───── Exercise material ─────

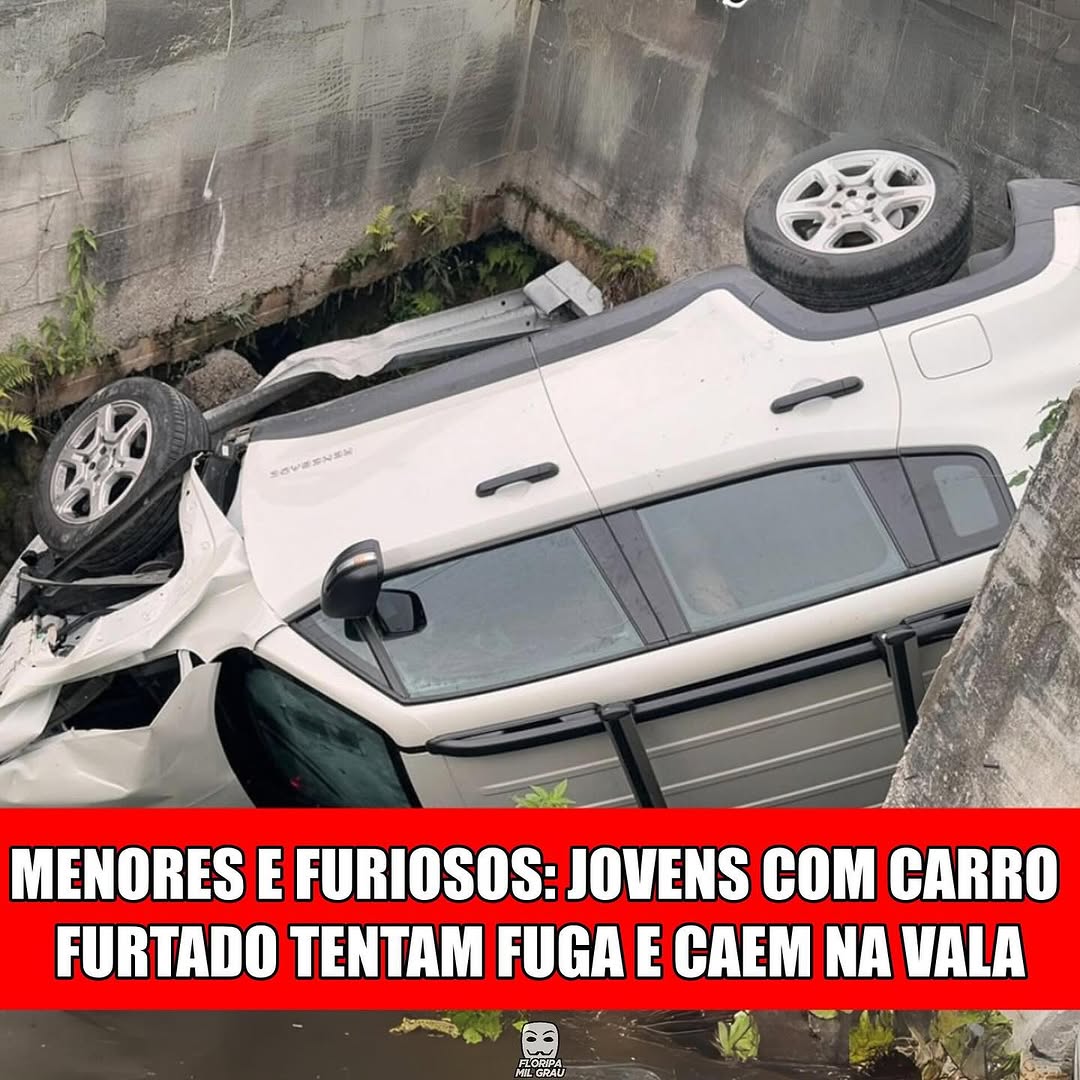 Menores e Furiosos: Jovens com carro furtado tentam fuga e caem na vala
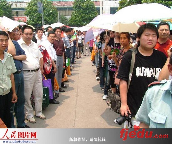人民网讯 2009年6月7日上午,时值气温已达34摄氏度。高考考生们在考场内进行着第一场语文的考试。记者在合肥市第四中学考点,用镜头记录下考场外家长们顶着烈日期盼、焦急的等待过程……(傅军)
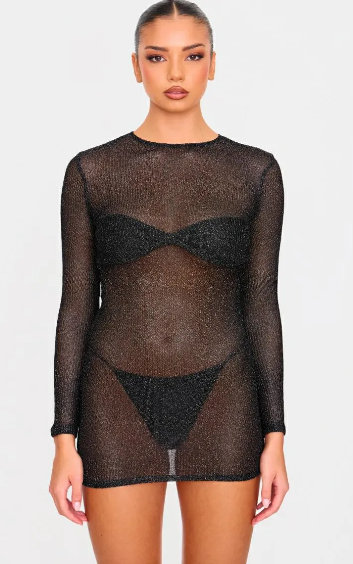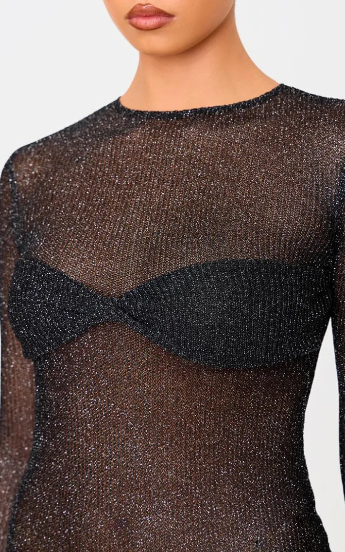 The new you starts here, opt for this black metallic ribbed twist bust long sleeve mini dress for your next event. Made from a black hue metallic ribbed material with a twist bust design and long sleeve detail, this mini dress is a must have. Pair with slip on heels and simple accessories for a look like no other.
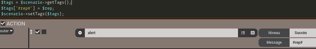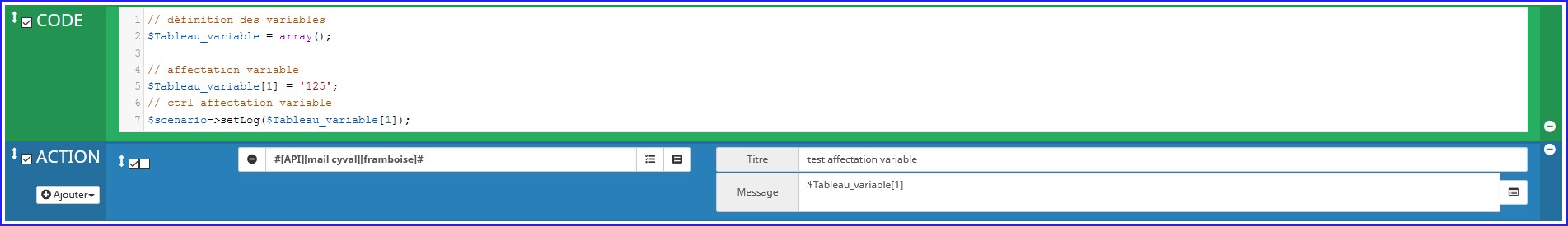 Bonjour ! Normal tu mélange un peux tout la. Soit dans ton code php tu envoie la valeur de ta variable calculer dans une variable jeedom, puis tu l’envoie via le bloc code action. Soit tu fais ta commande d’envoie d’email dans ton code php.
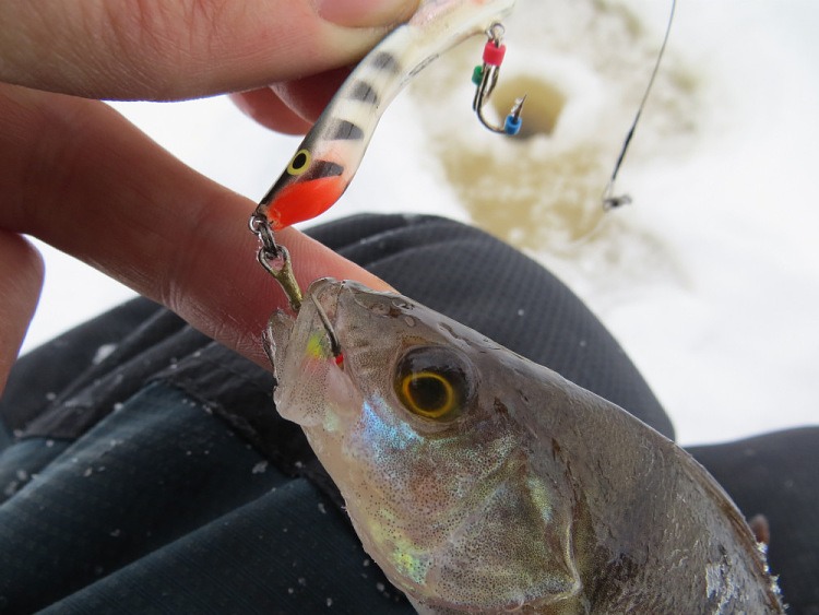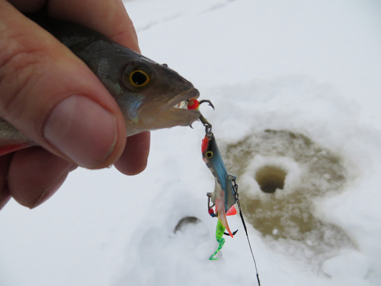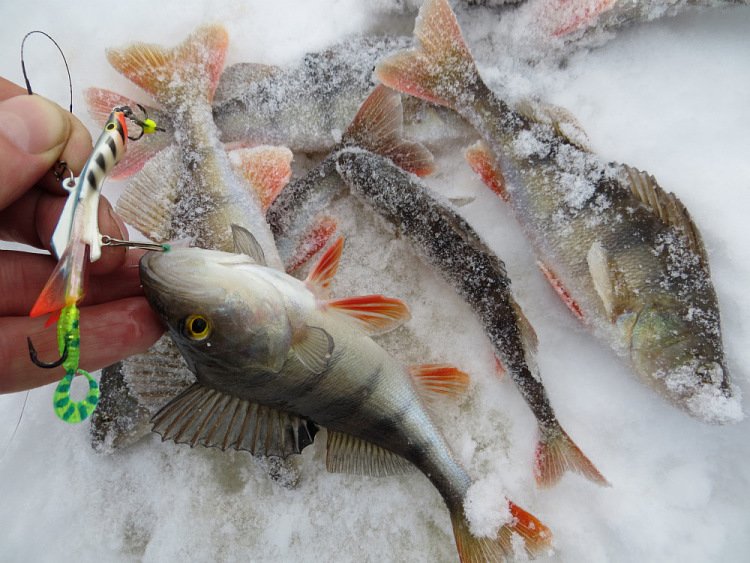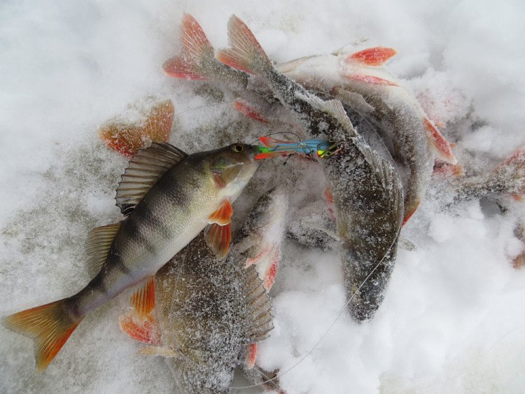 Хороший результат дает ловля втроём. В этом случае правильное бурение и перемещение рыбацкого товарищества практически всегда позволяет уследить направление движении основного ядра окуневой стаи.

─────

» Instructions for the task
Copy all the entries word for word. Omit any pictures.

» Written answer
 Menores e Furiosos: Jovens com carro furtado tentam fuga e caem na vala
人民网讯 2009年6月7日上午,时值气温已达34摄氏度。高考考生们在考场内进行着第一场语文的考试。记者在合肥市第四中学考点,用镜头记录下考场外家长们顶着烈日期盼、焦急的等待过程……(傅军)
 The new you starts here, opt for this black metallic ribbed twist bust long sleeve mini dress for your next event. Made from a black hue metallic ribbed material with a twist bust design and long sleeve detail, this mini dress is a must have. Pair with slip on heels and simple accessories for a look like no other.
 Bonjour ! Normal tu mélange un peux tout la. Soit dans ton code php tu envoie la valeur de ta variable calculer dans une variable jeedom, puis tu l’envoie via le bloc code action. Soit tu fais ta commande d’envoie d’email dans ton code php.
 Хороший результат дает ловля втроём. В этом случае правильное бурение и перемещение рыбацкого товарищества практически всегда позволяет уследить направление движении основного ядра окуневой стаи.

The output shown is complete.